WHAT YOU HAVE TO DO |
Starting at the first line of the listing below, repeat each line exactly until the line containing "tile floor, a", which you include. Leave out pictures.

DATA SHOWN |
*** Begin section ***
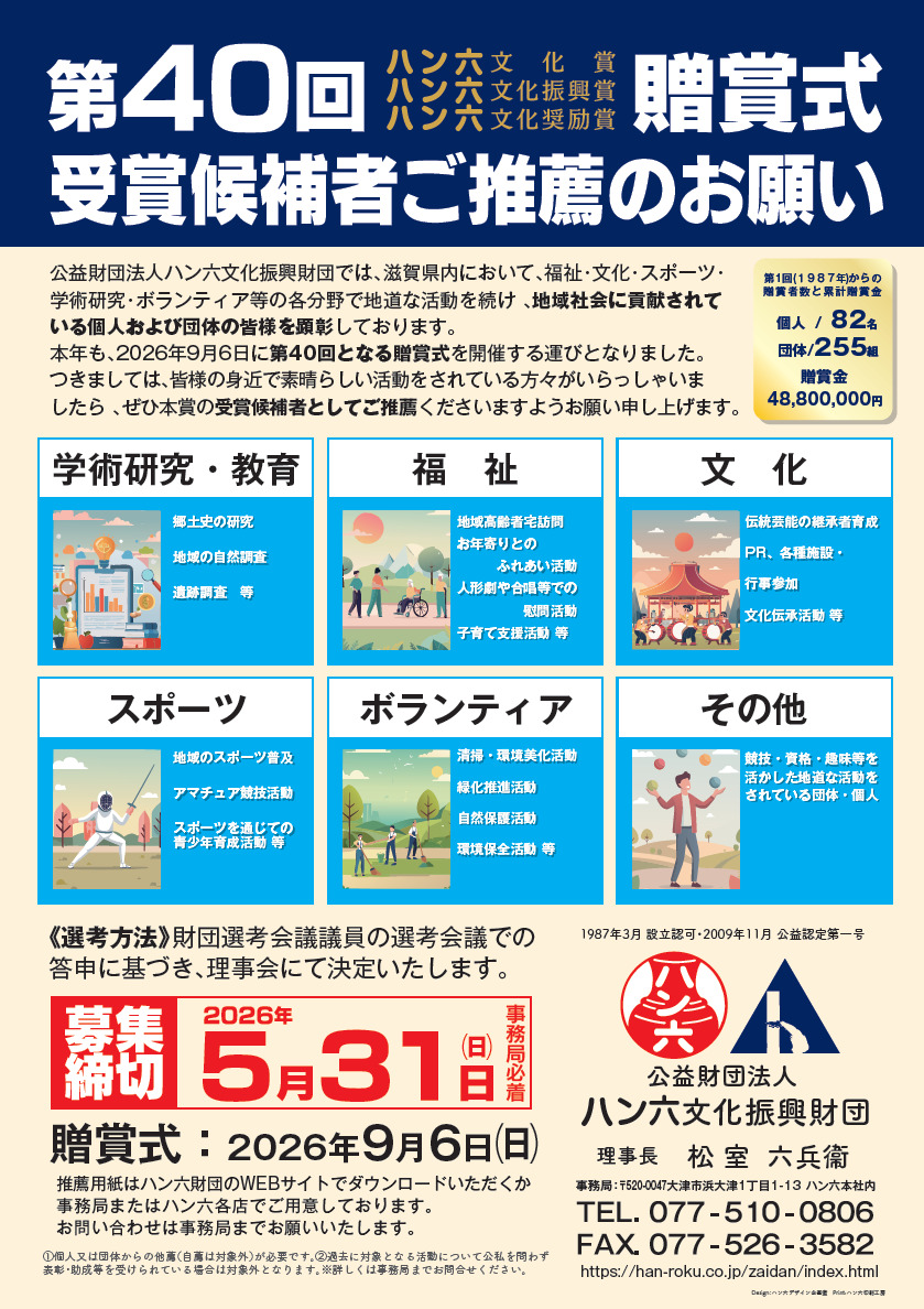 ハン六文化振興財団は、昭和62年(1987年)3月、四代目・六兵衞の発意により、郷土への感謝の想いをかたちにすべく、地域文化へのささやかな支援を目的として設立、その後、平成21年(2009年)11月には、公益法人制度改革に伴い、「公益財団法人」として滋賀県で第一号の認定をいただく運びとなりました。
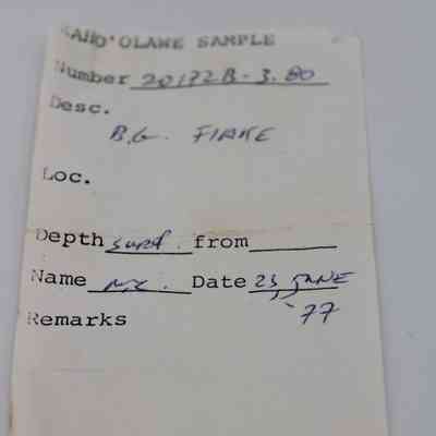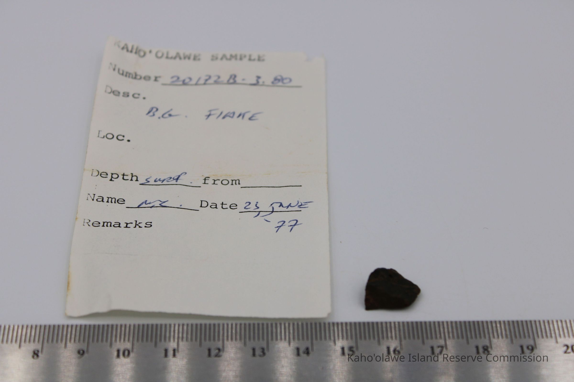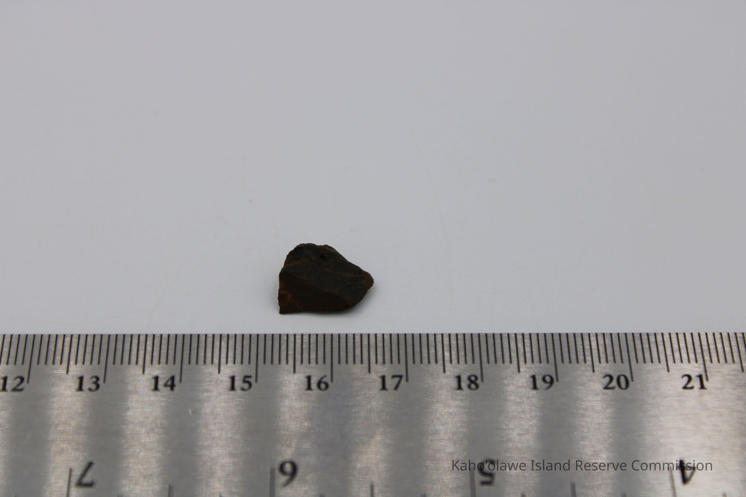 Tiny, irregularly shaped flake of basaltic glass.Collection
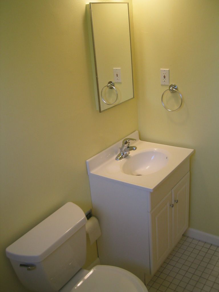 tile floor, a bath tub with classic grey tile surround, and vanity/sink and a medicine cabinet complete the package. |
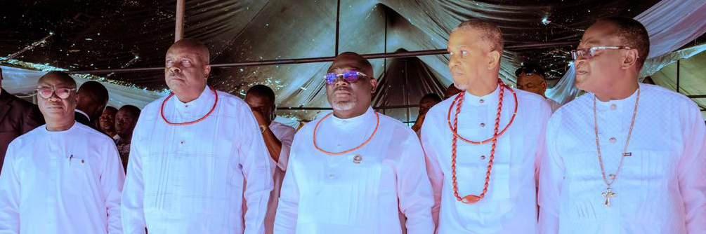 L-R: Member representing Isoko South II in Delta State House of Assembly, Hon. Ferguson Onwo; former Governor of Delta State, Chief James Ibori; Governor Sheriff Oborevwori; Senator representing Delta Central, Senator Ede Dafenone, and member representing Ughelli/Udu Federal Constituency at the House of Representatives, Hon. Francis Waive, during the funeral mass for former Principal of Urhobo College, Effurun/Government College, Ughelli, late David Siakpere, held at St. Andrew’s Anglican Church, Warri...recently
*** End section ***
EXERCISE SOLUTION |
 ハン六文化振興財団は、昭和62年(1987年)3月、四代目・六兵衞の発意により、郷土への感謝の想いをかたちにすべく、地域文化へのささやかな支援を目的として設立、その後、平成21年(2009年)11月には、公益法人制度改革に伴い、「公益財団法人」として滋賀県で第一号の認定をいただく運びとなりました。
 Tiny, irregularly shaped flake of basaltic glass.Collection
 tile floor, a bath tub with classic grey tile surround, and vanity/sink and a medicine cabinet complete the package. |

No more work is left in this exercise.